Raw data >>

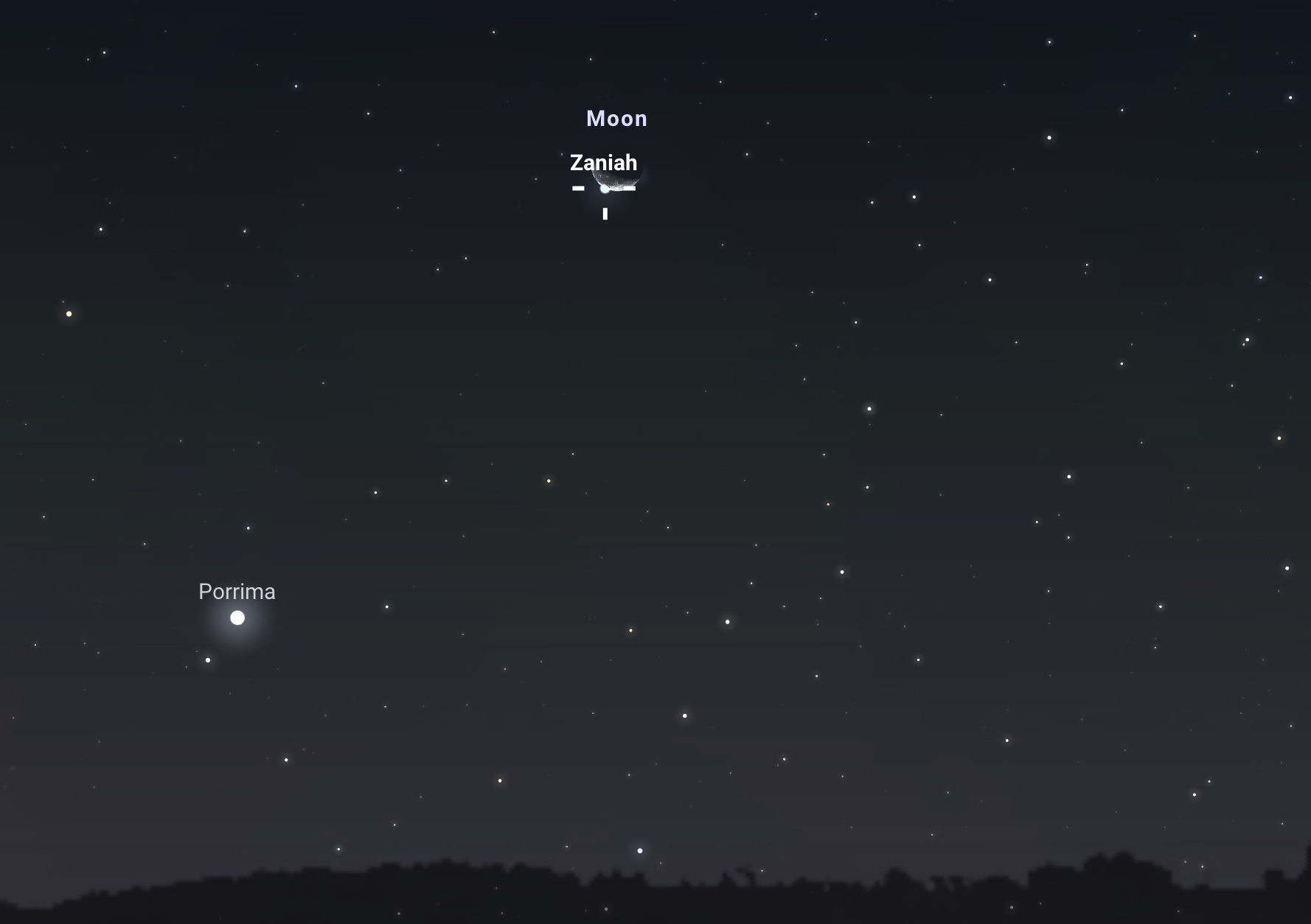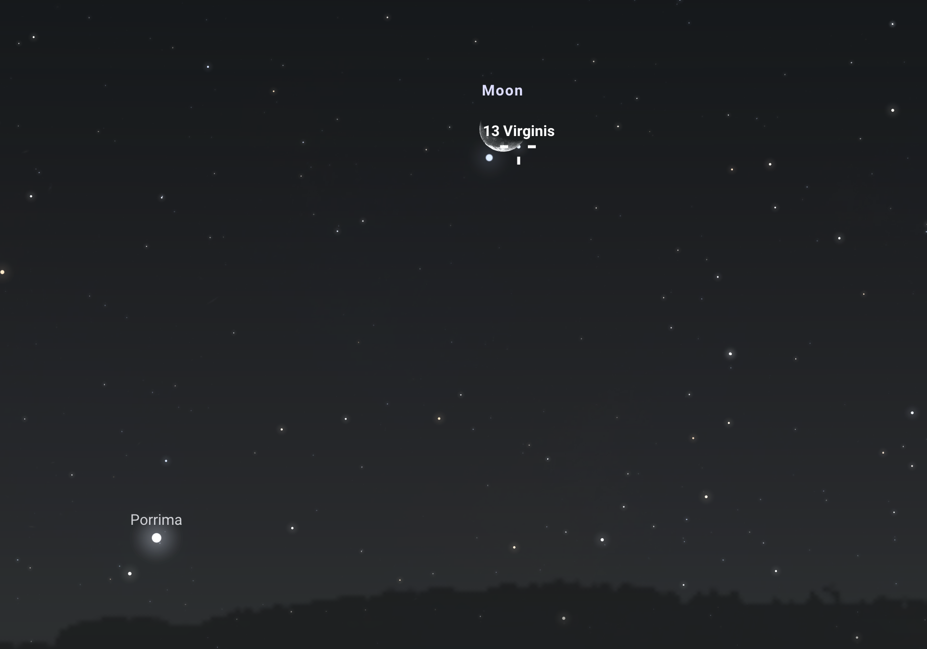 1:35-kor a kelő, 33%-os holdsarló az 5,3 magnitúdós 13 Vir-t „kebelezi be”, majd 12 perccel később, 1:47-kor következik a 3,9 magnitúdós Éta Virginis, azaz a Zeniah.
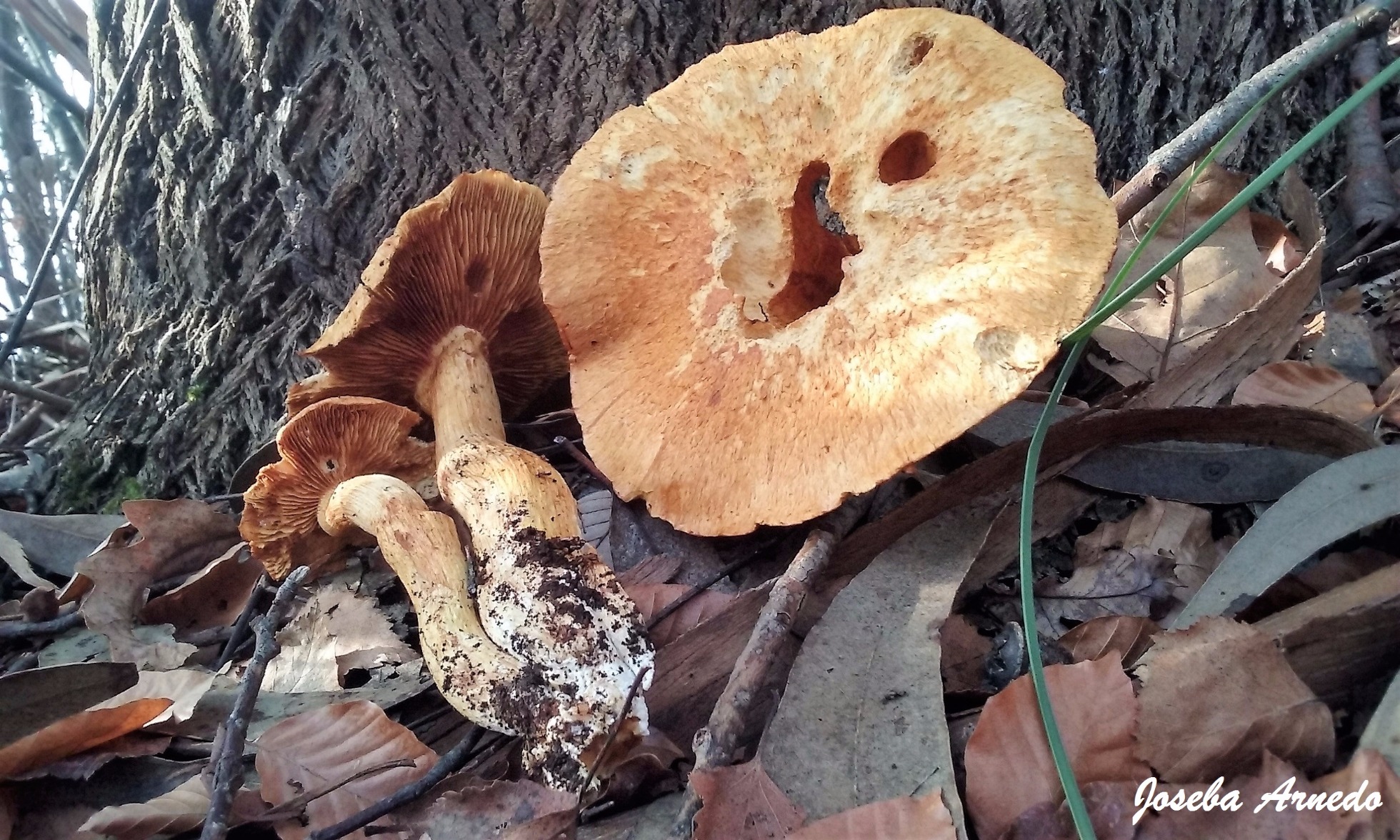 A los pies de un eucalipto crecia este gigantesco Gymnopilus junonius, la seta de la risa. El grande no andaria lejos de los 20 centimetros
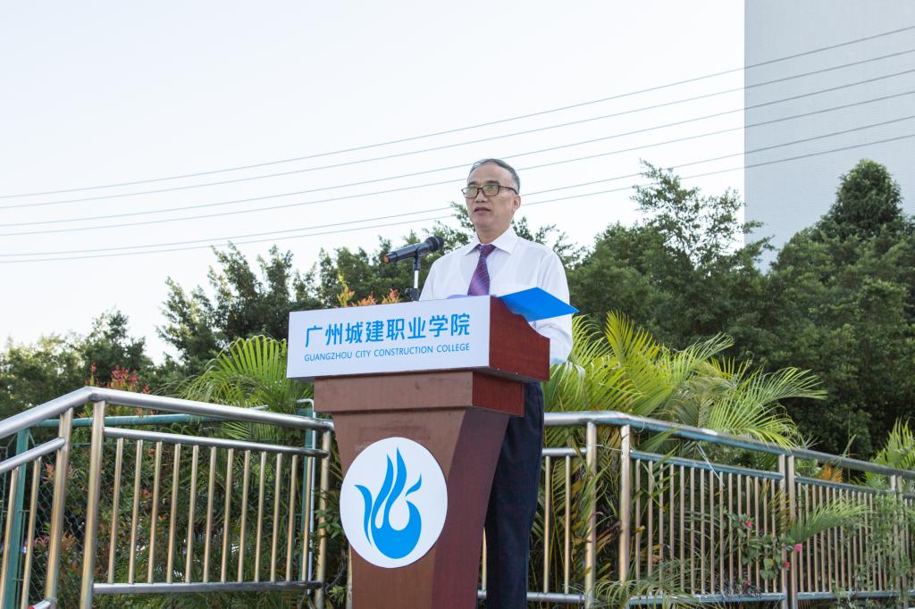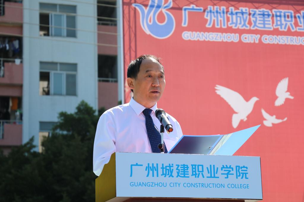 蔣新華校長首先代表學(xué)校全體師生員工向2019級新生加入城建大家庭表示熱烈的歡迎,向辛勤軍訓(xùn)的教官們表示衷心的感謝!他充分肯定了同學(xué)們守紀律、講規(guī)矩、重團隊、求上進的軍訓(xùn)成果,并向大家介紹了近幾年來我校學(xué)生通過辛勤學(xué)習(xí)和拼搏奮斗,在各種競賽中所取得的優(yōu)異成績,以此勉勵廣大新生保持激情和活力,承接光榮使命,在新的學(xué)習(xí)環(huán)境中,創(chuàng)造屬于自己的精彩。

Your goal >> Write out all of the data above exactly, without any of its pictures.

Solution to the exercise >>
 1:35-kor a kelő, 33%-os holdsarló az 5,3 magnitúdós 13 Vir-t „kebelezi be”, majd 12 perccel később, 1:47-kor következik a 3,9 magnitúdós Éta Virginis, azaz a Zeniah.
 A los pies de un eucalipto crecia este gigantesco Gymnopilus junonius, la seta de la risa. El grande no andaria lejos de los 20 centimetros
 蔣新華校長首先代表學(xué)校全體師生員工向2019級新生加入城建大家庭表示熱烈的歡迎,向辛勤軍訓(xùn)的教官們表示衷心的感謝!他充分肯定了同學(xué)們守紀律、講規(guī)矩、重團隊、求上進的軍訓(xùn)成果,并向大家介紹了近幾年來我校學(xué)生通過辛勤學(xué)習(xí)和拼搏奮斗,在各種競賽中所取得的優(yōu)異成績,以此勉勵廣大新生保持激情和活力,承接光榮使命,在新的學(xué)習(xí)環(huán)境中,創(chuàng)造屬于自己的精彩。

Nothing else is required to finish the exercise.